| REQUIRED ACTION |
Hand back every line from the beginning of the data below through the line containing "11月17日,华为终端官宣将", word for word and free of pictures.

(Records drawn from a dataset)
——

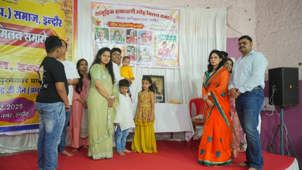 मुरैना/इंदौर। जैसवाल जैन उपरोचियां समाज, इंदौर ने सामूहिक क्षमावाणी स्नेह मिलन समारोह का आयोजन विभिन्न सामाजिक और सांस्कृतिक कार्यक्रमों के साथ किया। मुख्य अतिथि मयंक जी जैन (शिवपुरी) का स्वागत अध्यक्ष ओम प्रकाश और मंत्री प्रदीप जैन द्वारा किया गया। महिलाओं द्वारा तिलक लगाकर सभी समाजजनों का अभिनंदन किया गया। कार्यक्रम की शुरुआत एक स्वास्थ्य कैंप से हुई। वीरेंद्र जैन द्वारा मंत्रोच्चार के साथ समारोह प्रारंभ हुआ। मंच संचालन वीरेंद्र जैन और गौरव जैन ने किया। उद्घाटन मोतीबाई जैन, विनोद जैन और निशांत जैन सपरिवार द्वारा किया गया।
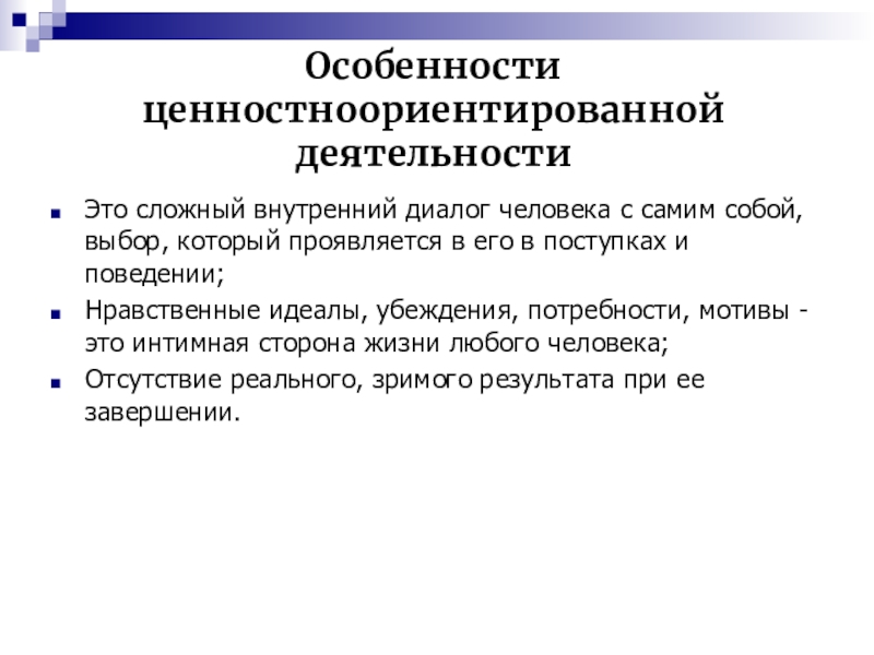Особенности ценностноориентированной деятельности
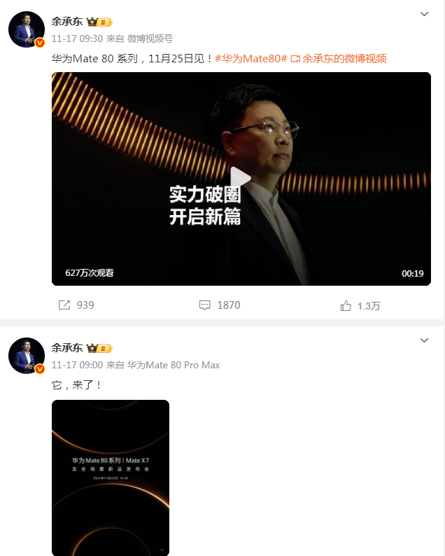11月17日,华为终端官宣将于11月25日举行华为Mate 80系列/MateX7及全场景新品发布会,标志着这一代年度旗舰正式进入倒计时阶段。
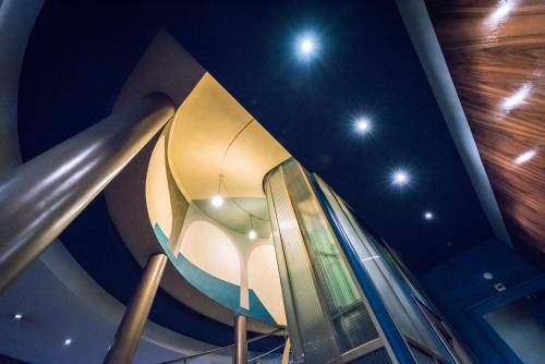The stately “Fazy-era” (radical leader James Fazy played a major role in shaping the city during the mid-19th century) building, a style typical of upscale lakeside properties on Geneva’s left bank, promises a classy experience. But the dark, narrow entry next to a pizzeria is less than impressive. Likewise, funky yellow chairs in the lobby hint at retro-chic interiors, while rooms are simple yet updated with industrial designs on the walls.
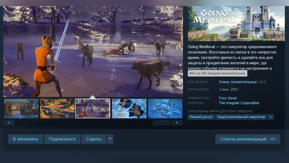 В раннем доступе Steam, GOG и Epic Games Store вышел симулятор средневековья под названием Going Medieval, который менее чем за сутки получил от геймеров сотни положительных отзывов. На момент написания новости, рейтинг игры в Steam составляет 95% на основе 304 обзоров.
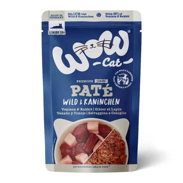 WOW CAT kapsičky pre senior mačky so zverinou a králikom predstavujú kompletné mokré krmivo pre staršie mačky. Jemná paštéta má hladkú textúru, ktorá sa ľahko konzumuje. Práve preto tieto kapsičky pre senior mačky dobre prijímajú aj mačky vo vyššom veku.
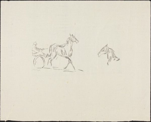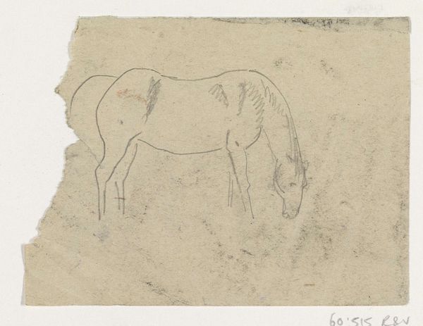 Curator: Before us is "Drie paarden" by Leo Gestel, dating from around 1891 to 1941. It's a pencil drawing here at the Rijksmuseum. Editor: Immediately, what strikes me is the raw energy. It’s a sketch, yes, but the quick, confident lines suggest a deep understanding, perhaps even an affinity for the animal form. Curator: Precisely. Look at the economy of line, the way he captures the essence of the horses' musculature and stance with such brevity. Notice especially the relationships among them; it is almost an academic study in comparative anatomy. Editor: For centuries, the horse has been an emblem of power, freedom, and nobility across numerous cultures. Do these particular renderings evoke such traditional symbolism for you, or do they seem more intimate? Curator: I am less interested in overarching iconographic narratives here. For me, it is about Gestel's process of reducing the horses to their basic shapes—almost as abstract, formal exercises. See the flattened planes and the angular junctions forming these animal bodies. The overall texture, too, enhances their somewhat abstract quality. Editor: Even these minimal lines, for me, conjure feelings. The top-most figure seems poised, almost apprehensive. The horse depicted at the bottom displays a kind of stalwart energy, while the center figure seems a bit more withdrawn or melancholic. Perhaps each one references a different aspect of the human condition, if you read into it that way. Curator: Possibly, but what I find really striking is the spatial ambiguity created by the overlapping figures and their relative placement on the paper’s surface. This tension suggests an active mind constantly reevaluating perceptions. The white of the paper becomes more than background, it becomes a structural component. Editor: Absolutely. Gestel gives us a sense of perpetual becoming here—a fluid interplay of possibility rather than a static depiction of concrete form. There is power in incompleteness, isn’t there? Curator: Agreed. The piece embodies not a final, polished image, but an invitation into the artist's mind and his structural thought process. Editor: Yes. This exploration truly uncovers how simple lines can convey profound emotion and resonate deeply across different eras and individual experiences.
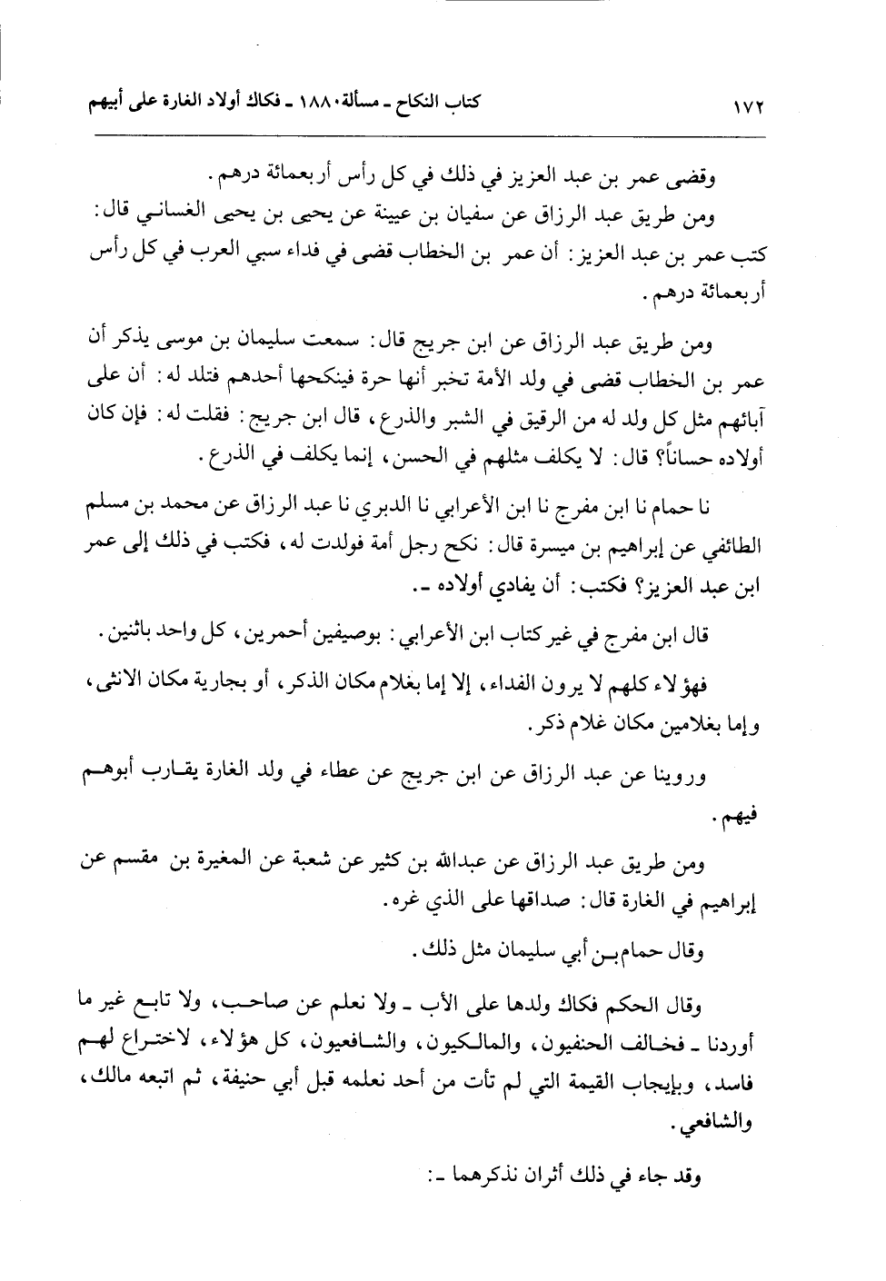 نا حُمَامٌ نا ابْنُ مُفَرِّجٍ نا ابْنُ الْأَعْرَابِيِّ نا الدَّبَرِيُّ نا عَبْدُ الرَّزَّاقِ عَنْ مُحَمَّدِ بْنِ مُسْلِمٍ الطَّائِفِيِّ عَنْ إبْرَاهِيمَ بْنِ مَيْسَرَةَ قَالَ: نَكَحَ رَجُلٌ أَمَةً فَوَلَدَتْ لَهُ، فَكَتَبَ فِي ذَلِكَ إلَى عُمَرَ بْنِ عَبْدِ الْعَزِيزِ؟ فَكَتَبَ: أَنْ يُفَادِيَ أَوْلَادَهُ -.
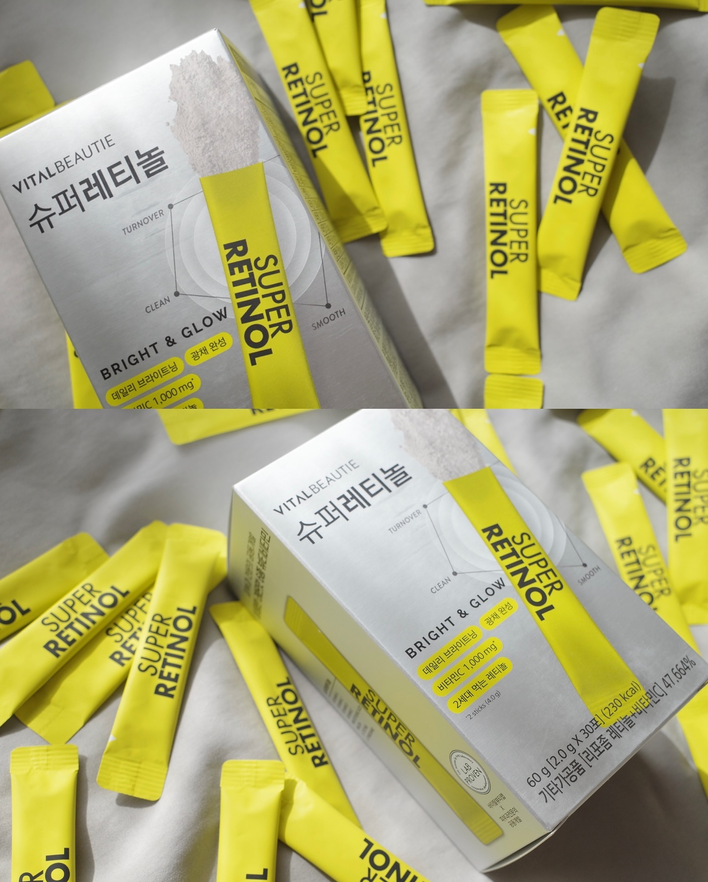- 食べるタイプのレチノール 1) 専門家のフォーミュラ Flex! - 皮膚科専門医とアモーレパシフィックが共同開発 29年間蓄積したレチノール技術で完成! 食べるレチノールプロテクション技術を適用 (ビタミンA、1000ugRAE配合*) 2) 明るく輝く! - 豊富に含むビタミンC1,000mg含有* - パントテン酸1日栄養成分基準配合* - ビタミンE、ビタミンD、亜鉛 副成分 L-システインとヘスペリジンを配合 3) さわやかなシトラスの味 「ヴィーガンレチノール」 - ヴィーガン認証を取得した毎日摂取できる美味しいレチノール *上記の栄養成分の数値は、2包摂を基準に作成された含量です *お召し上がり方! 1回1~2包を 直接摂取してください
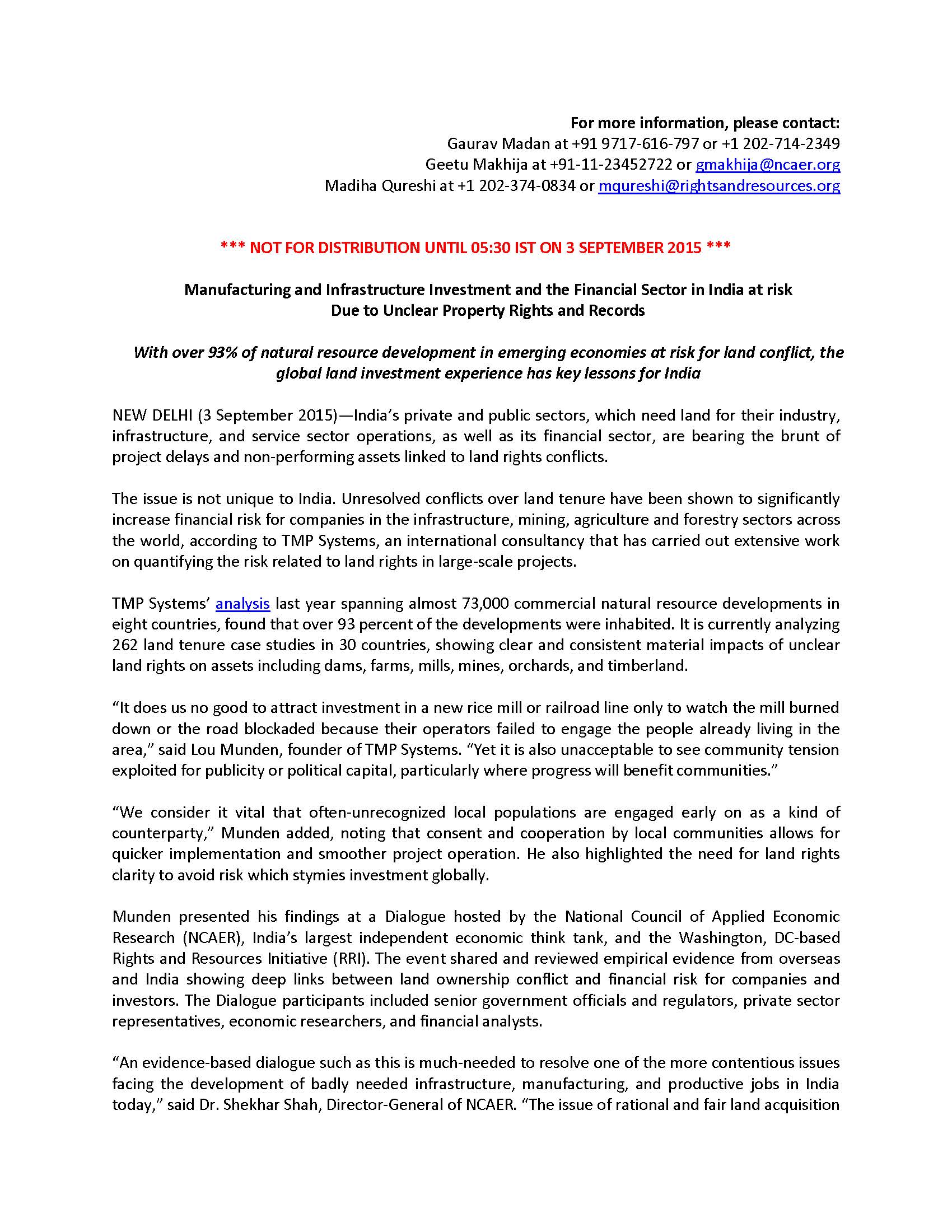 With over 93% of natural resource development in emerging economies at risk for land conflict, the global land investment experience has key lessons for India.
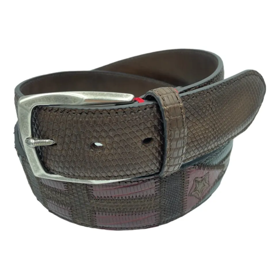 Paolo Vitale læderbælte har flagmotiver og et solidt messing spænde for en raffineret hverdagsfinish. Håndlavet i Italien kombinerer det dekorative detaljer med klassisk spænde lukning. Nøgleattributter: Brun | Brun | Læder | Solidt messing spænde | Flagmotiver | Håndlavet i Italien | Certificeret firbensskind | Sammensætning & pleje: Læder
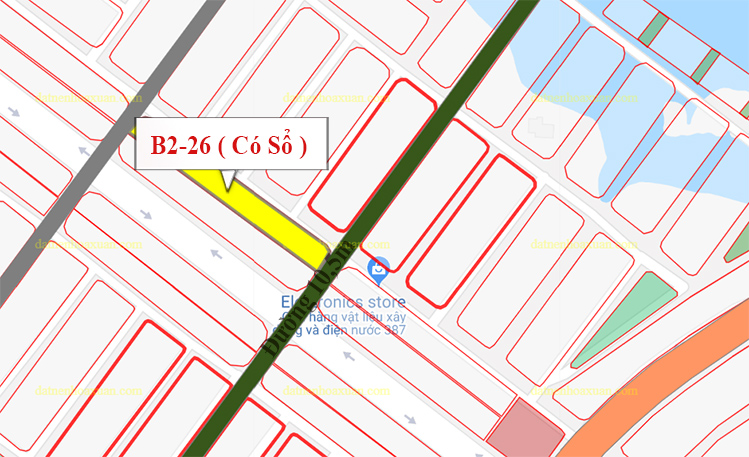 Vị trí lô đất B2.26 lô 27 từ bản đồ phân lô Nam Hòa Xuân
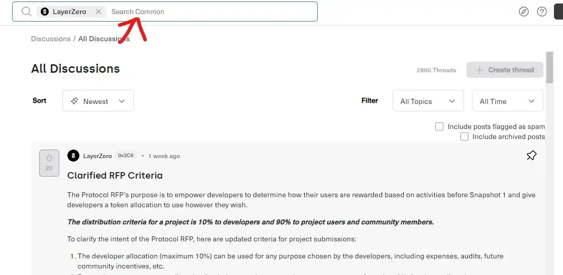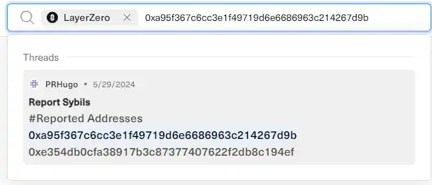 由于新的「赏金」活动已改为在 Commonwealth 上运行,我们当下也可以通过相关主页来实时查询地址是否已被列入女巫名单。(主页链接:https://commonwealth.im/layerzero/discussions)
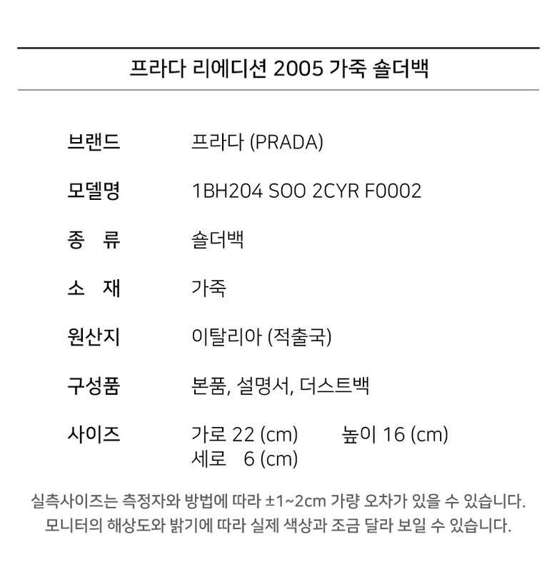 - #리본즈코리아 #1BH204SOO2CYRF0002 #[명품] #프라다 #리에디션 #2005 #가죽 #숄더백 #블랙 #1BH204 #SOO #2CYR #F0002 #여성 #가방/핸드백 #숄더백/호보백
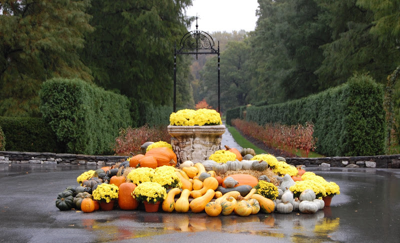 В связи с надвигающимся хеллоуином сады были уставленны тыквами, тыквочками и тыквыщами:-) Фигурно вырезанными и сложенными в живописные кучки.
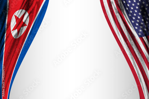 Flag of North Korea and the United States of America with theater effect. 3D illustration
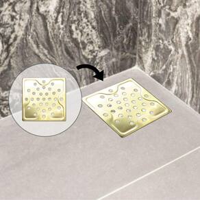 Ralo Dourado Quadrado em Aço Inox 9,5x9,5cm - By Fineza Ralo Dourado Quadrado em Aço Inox 9,5x9,5cm - By Fineza Material Aço Inox Dimensões do produto 9,5x9,5cm Revestimento Nitreto de Titânio Dourado Descrição O Ralo Dourado quadrado 9,5x9,5cm - By Fineza é produzido em aço inox de alto padrão e com revestimento dourado que não sai e não descasca. Um ralo dourado que agrega beleza, praticidade e funcionalidade aos ambientes. Esse ralo dourado pode ser em áreas internas e externas. Contém 1 ralo quadrado de 9,5x9,5cm padrão tigre Recomendações de uso Use apenas sabão ou detergente e o lado macio da esponja evite o contato com água sanitária . Outros tipos de produtos, como palha de aço, poderão riscar ou prejudicar o brilho. Enxágue bem a peça a fim de remover totalmente os resíduos dos produtos de limpeza, que, por serem abrasivos, podem prejudicar o inox. Sempre que possível, use água morna, pois renova o brilho do produto. Após a lavagem, enxugue imediatamente o mesmo, caso contrário, as substâncias químicas da água cloro poderão causar manchas. Na lavagem manual evite atrito entre o produto durante o processo de lavagem e no armazenamento, para mantê-los sem riscos. Não recomendado também, o uso de máquina lava louças.
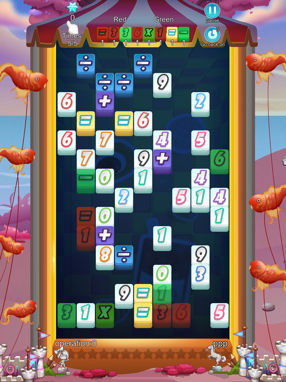 *This game combines arithmetic and judging to choose a combination of gameplay, form an equation to eliminate numbers and symbols, and complete the elimination goal. The red blocks in the game cannot be moved.

——

| WRITTEN RESPONSE |
 मुरैना/इंदौर। जैसवाल जैन उपरोचियां समाज, इंदौर ने सामूहिक क्षमावाणी स्नेह मिलन समारोह का आयोजन विभिन्न सामाजिक और सांस्कृतिक कार्यक्रमों के साथ किया। मुख्य अतिथि मयंक जी जैन (शिवपुरी) का स्वागत अध्यक्ष ओम प्रकाश और मंत्री प्रदीप जैन द्वारा किया गया। महिलाओं द्वारा तिलक लगाकर सभी समाजजनों का अभिनंदन किया गया। कार्यक्रम की शुरुआत एक स्वास्थ्य कैंप से हुई। वीरेंद्र जैन द्वारा मंत्रोच्चार के साथ समारोह प्रारंभ हुआ। मंच संचालन वीरेंद्र जैन और गौरव जैन ने किया। उद्घाटन मोतीबाई जैन, विनोद जैन और निशांत जैन सपरिवार द्वारा किया गया।
Особенности ценностноориентированной деятельности
11月17日,华为终端官宣将于11月25日举行华为Mate 80系列/MateX7及全场景新品发布会,标志着这一代年度旗舰正式进入倒计时阶段。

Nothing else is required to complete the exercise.